=== PROBLEM TO SOLVE ===
Return all the data below as it stands, minus the pictures.

=== GIVEN DATA ===
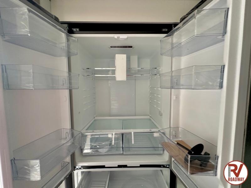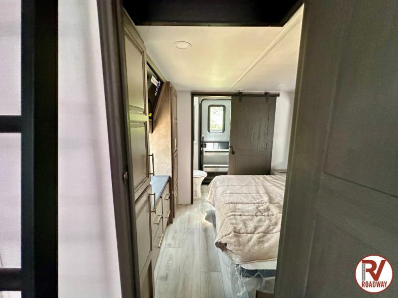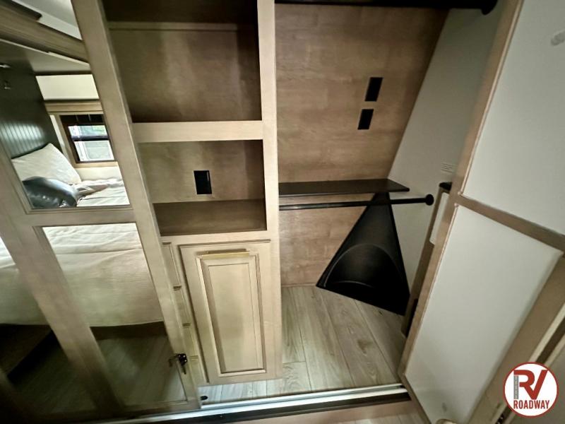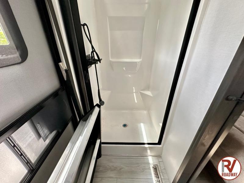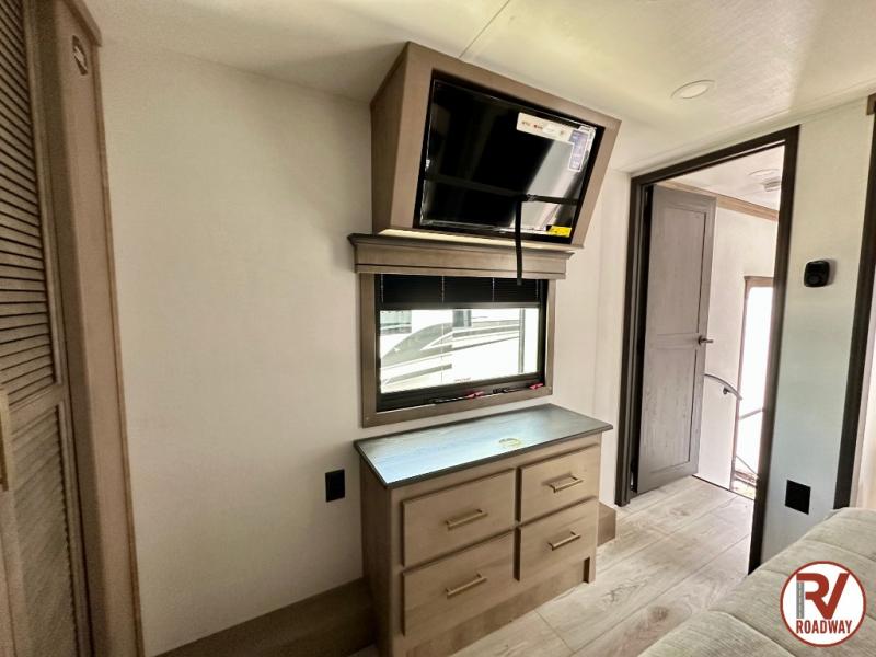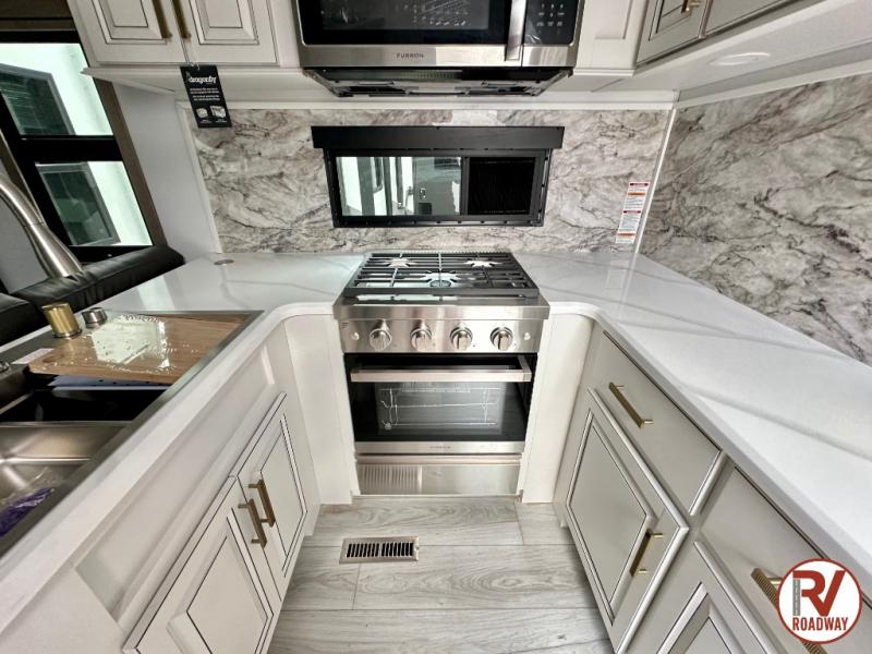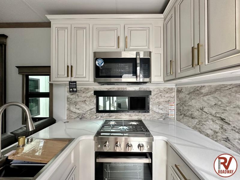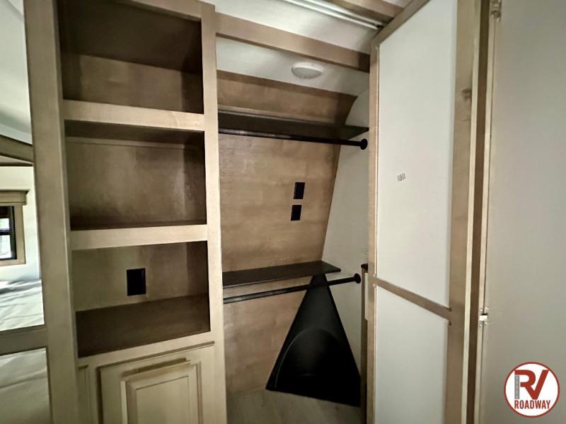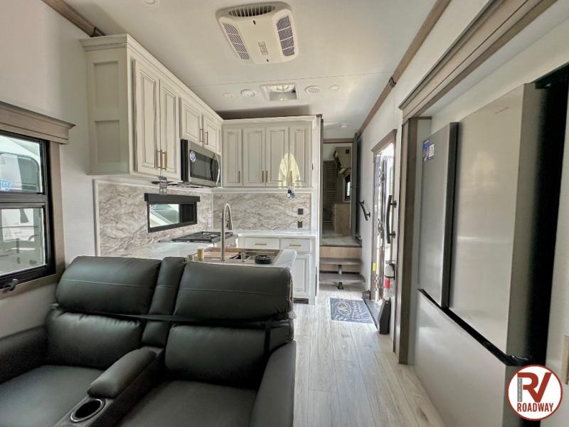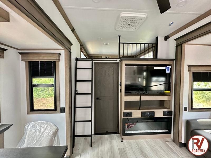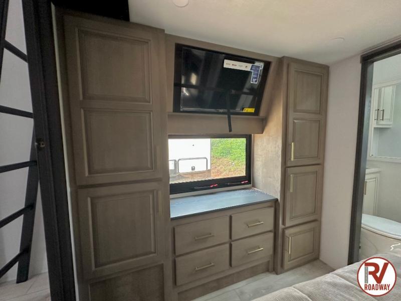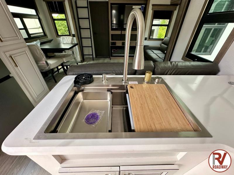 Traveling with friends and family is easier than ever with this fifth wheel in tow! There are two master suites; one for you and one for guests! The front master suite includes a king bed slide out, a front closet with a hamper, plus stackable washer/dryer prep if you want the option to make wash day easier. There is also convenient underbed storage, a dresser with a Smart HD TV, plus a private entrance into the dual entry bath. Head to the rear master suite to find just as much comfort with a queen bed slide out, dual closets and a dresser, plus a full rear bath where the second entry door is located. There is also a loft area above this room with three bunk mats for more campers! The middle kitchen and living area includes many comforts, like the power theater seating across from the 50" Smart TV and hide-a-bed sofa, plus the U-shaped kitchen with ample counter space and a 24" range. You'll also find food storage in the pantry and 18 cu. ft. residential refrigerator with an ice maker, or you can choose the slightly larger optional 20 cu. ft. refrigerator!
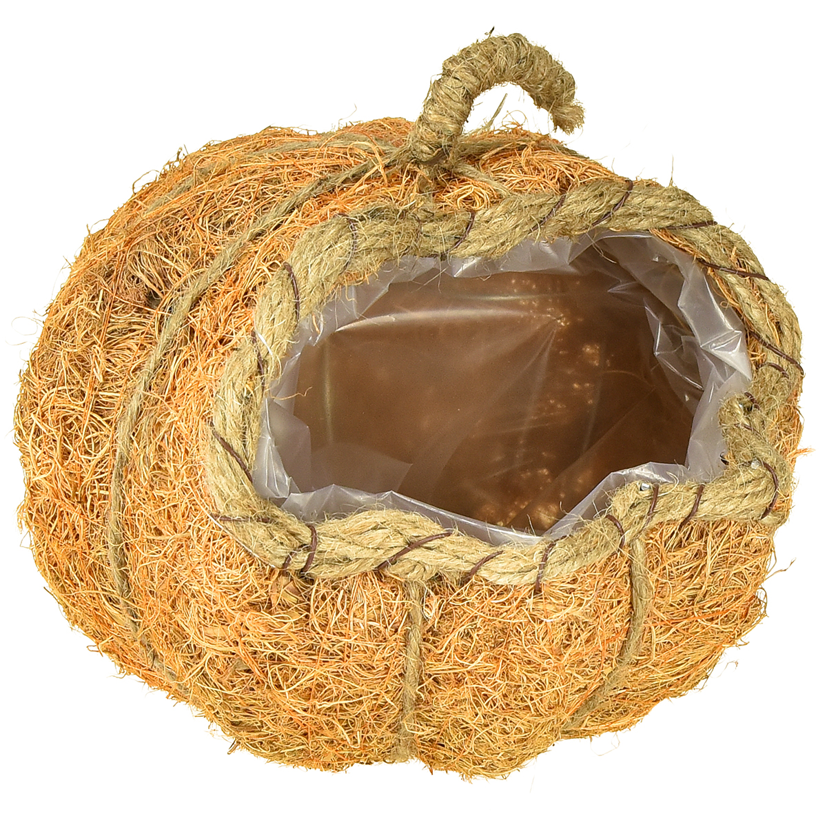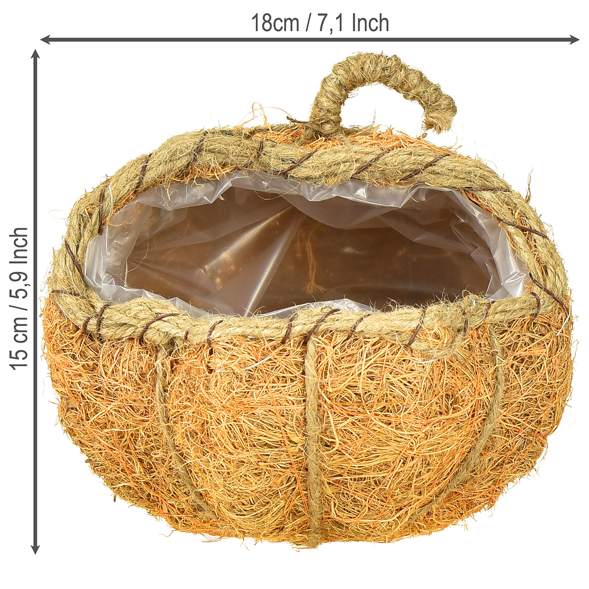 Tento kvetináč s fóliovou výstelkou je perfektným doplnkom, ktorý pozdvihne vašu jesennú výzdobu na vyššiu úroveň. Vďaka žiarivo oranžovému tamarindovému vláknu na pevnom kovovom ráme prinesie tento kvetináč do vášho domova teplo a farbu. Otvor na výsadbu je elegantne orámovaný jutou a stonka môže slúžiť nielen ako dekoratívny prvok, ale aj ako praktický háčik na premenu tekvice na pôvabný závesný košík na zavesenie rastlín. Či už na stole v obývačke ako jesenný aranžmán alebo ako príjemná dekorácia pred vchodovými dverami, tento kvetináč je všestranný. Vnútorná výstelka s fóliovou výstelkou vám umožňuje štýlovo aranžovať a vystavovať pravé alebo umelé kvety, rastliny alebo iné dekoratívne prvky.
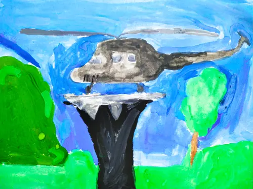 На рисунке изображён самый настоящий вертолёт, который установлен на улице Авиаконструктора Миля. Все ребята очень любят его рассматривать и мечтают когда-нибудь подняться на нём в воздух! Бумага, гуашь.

=== YOUR RESPONSE ===
 Traveling with friends and family is easier than ever with this fifth wheel in tow! There are two master suites; one for you and one for guests! The front master suite includes a king bed slide out, a front closet with a hamper, plus stackable washer/dryer prep if you want the option to make wash day easier. There is also convenient underbed storage, a dresser with a Smart HD TV, plus a private entrance into the dual entry bath. Head to the rear master suite to find just as much comfort with a queen bed slide out, dual closets and a dresser, plus a full rear bath where the second entry door is located. There is also a loft area above this room with three bunk mats for more campers! The middle kitchen and living area includes many comforts, like the power theater seating across from the 50" Smart TV and hide-a-bed sofa, plus the U-shaped kitchen with ample counter space and a 24" range. You'll also find food storage in the pantry and 18 cu. ft. residential refrigerator with an ice maker, or you can choose the slightly larger optional 20 cu. ft. refrigerator!
 Tento kvetináč s fóliovou výstelkou je perfektným doplnkom, ktorý pozdvihne vašu jesennú výzdobu na vyššiu úroveň. Vďaka žiarivo oranžovému tamarindovému vláknu na pevnom kovovom ráme prinesie tento kvetináč do vášho domova teplo a farbu. Otvor na výsadbu je elegantne orámovaný jutou a stonka môže slúžiť nielen ako dekoratívny prvok, ale aj ako praktický háčik na premenu tekvice na pôvabný závesný košík na zavesenie rastlín. Či už na stole v obývačke ako jesenný aranžmán alebo ako príjemná dekorácia pred vchodovými dverami, tento kvetináč je všestranný. Vnútorná výstelka s fóliovou výstelkou vám umožňuje štýlovo aranžovať a vystavovať pravé alebo umelé kvety, rastliny alebo iné dekoratívne prvky.
 На рисунке изображён самый настоящий вертолёт, который установлен на улице Авиаконструктора Миля. Все ребята очень любят его рассматривать и мечтают когда-нибудь подняться на нём в воздух! Бумага, гуашь.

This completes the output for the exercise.